=== Study material ===
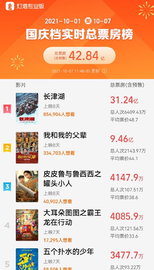 根据灯塔专业版数据,截至10月7日晚间17点左右,国庆档实时总票房(含预售)已经达到42.84亿,已超过2020年国庆档总票房。这也是国庆档历史第二次破40亿,据国家电影专项资金办公室数据显示,2019年国庆档票房超43.57亿元。
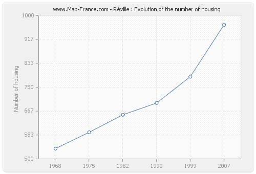 The number of housing of Réville was 968 in 2007, 787 in 1999, 695 in 1990, 654 in 1982, 593 in 1975 and 536 in 1968.
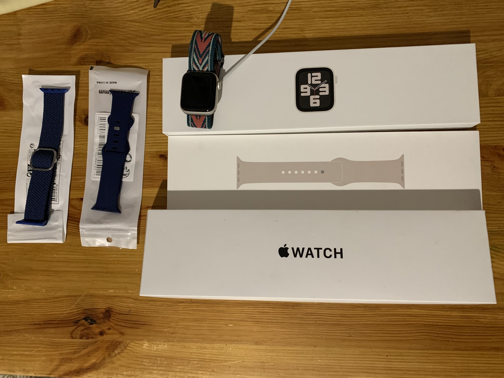 4 szíj ajándékba, dobozában , töltőkábelével.
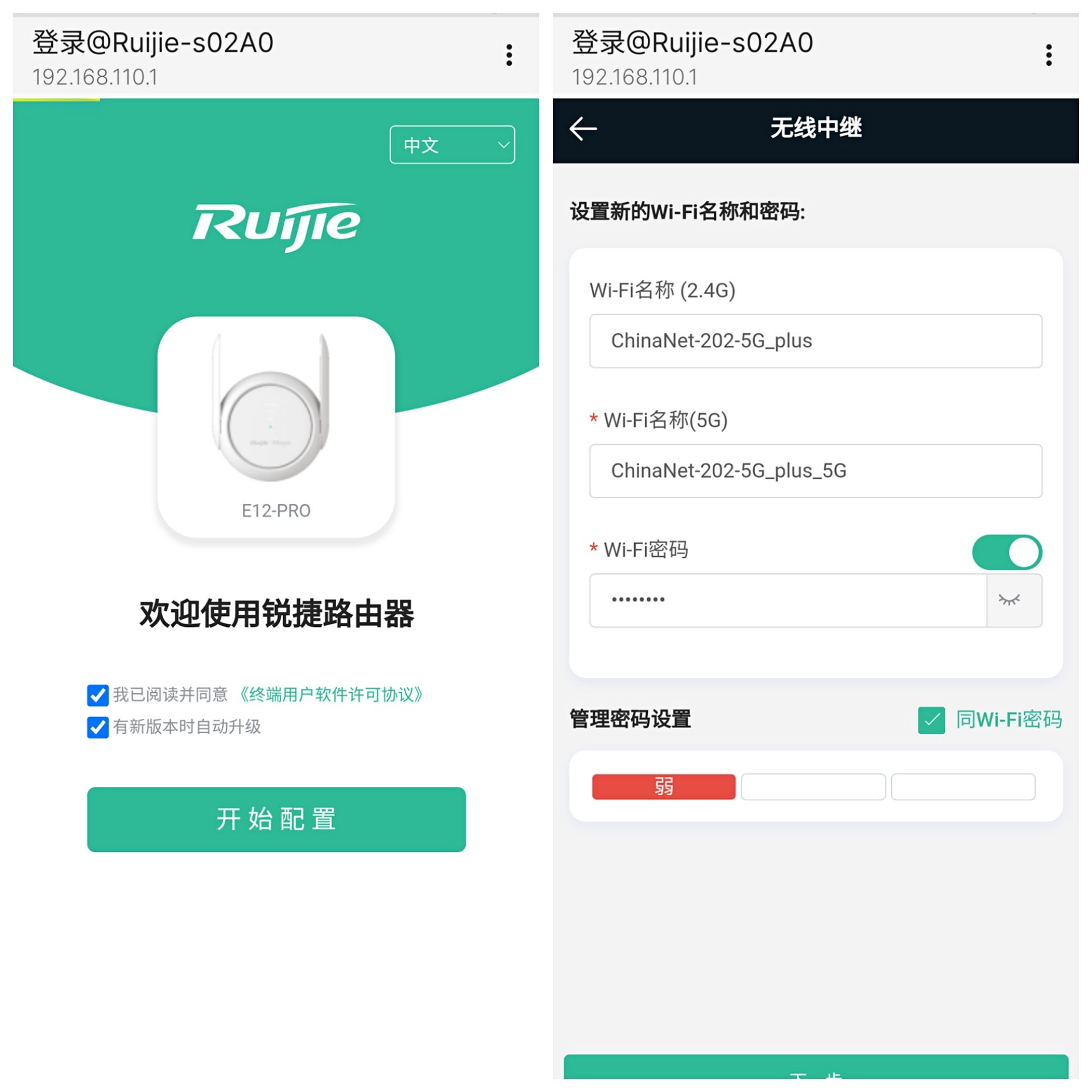 如果使用的是非星耀品牌的路由器,那么操作也非常的简单,只需要连接锐捷小兔子,手机将会自动弹出放大器管理界面,然后输入主路由器的密码就能完成连接。
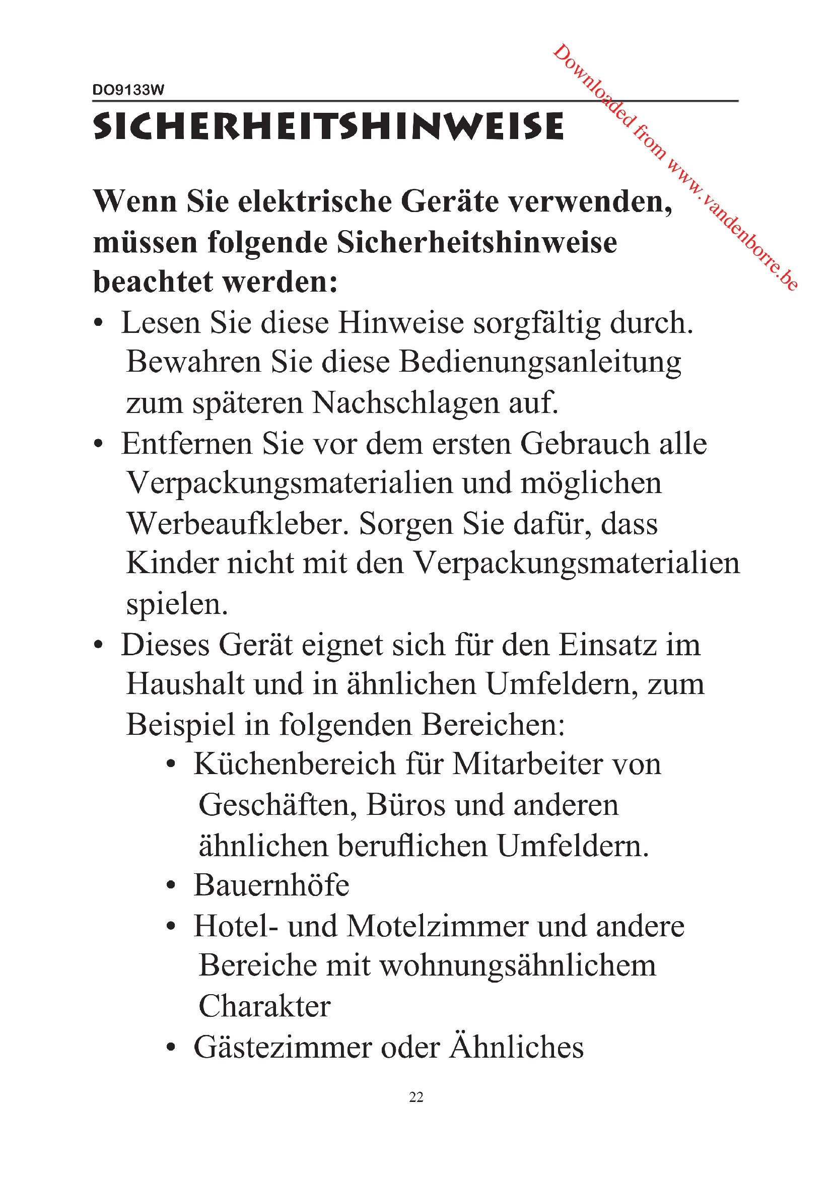 BEDIENUNGSANLEITUNG DO9133W DOMO
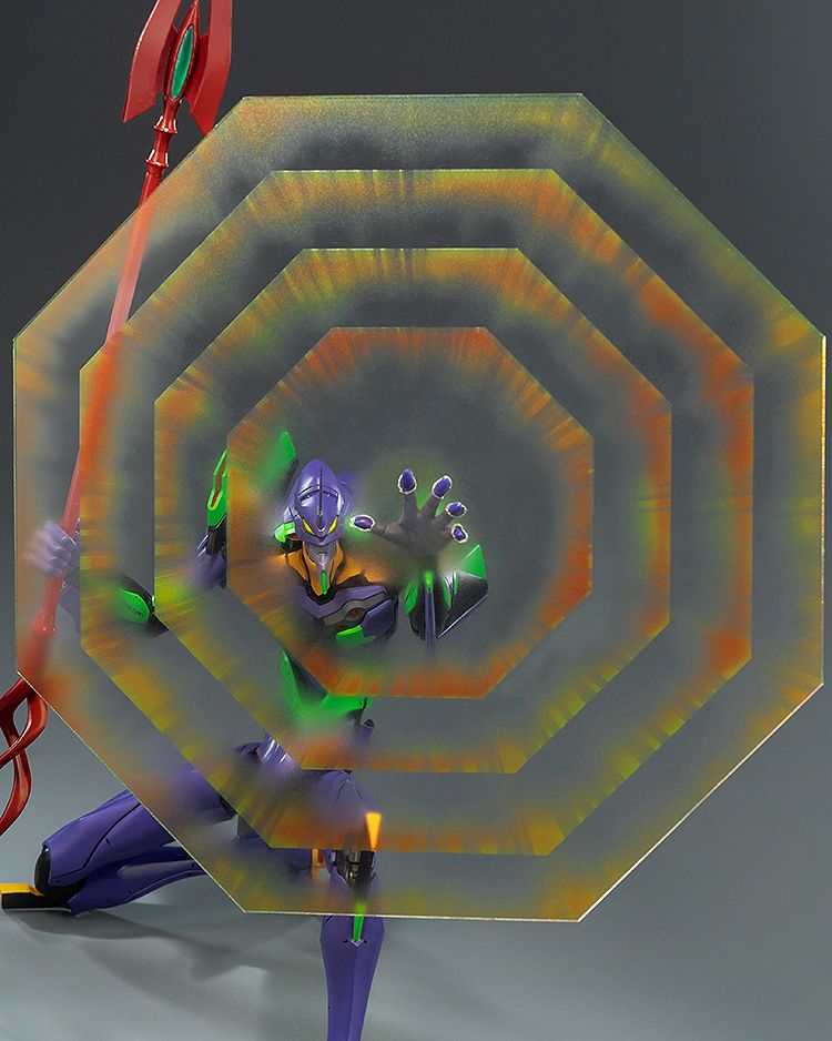 初回生産特典:A.T.フィールド衝突エフェクトパーツ(スタンド付属)×1、両面仕様の背景シート(NERV本部/ミサトの部屋)×1

=== Exercise requirements ===
Each record must be set down again without alteration, and no picture may be carried over.

=== Answer space ===
 根据灯塔专业版数据,截至10月7日晚间17点左右,国庆档实时总票房(含预售)已经达到42.84亿,已超过2020年国庆档总票房。这也是国庆档历史第二次破40亿,据国家电影专项资金办公室数据显示,2019年国庆档票房超43.57亿元。
 The number of housing of Réville was 968 in 2007, 787 in 1999, 695 in 1990, 654 in 1982, 593 in 1975 and 536 in 1968.
 4 szíj ajándékba, dobozában , töltőkábelével.
 如果使用的是非星耀品牌的路由器,那么操作也非常的简单,只需要连接锐捷小兔子,手机将会自动弹出放大器管理界面,然后输入主路由器的密码就能完成连接。
 BEDIENUNGSANLEITUNG DO9133W DOMO
 初回生産特典:A.T.フィールド衝突エフェクトパーツ(スタンド付属)×1、両面仕様の背景シート(NERV本部/ミサトの部屋)×1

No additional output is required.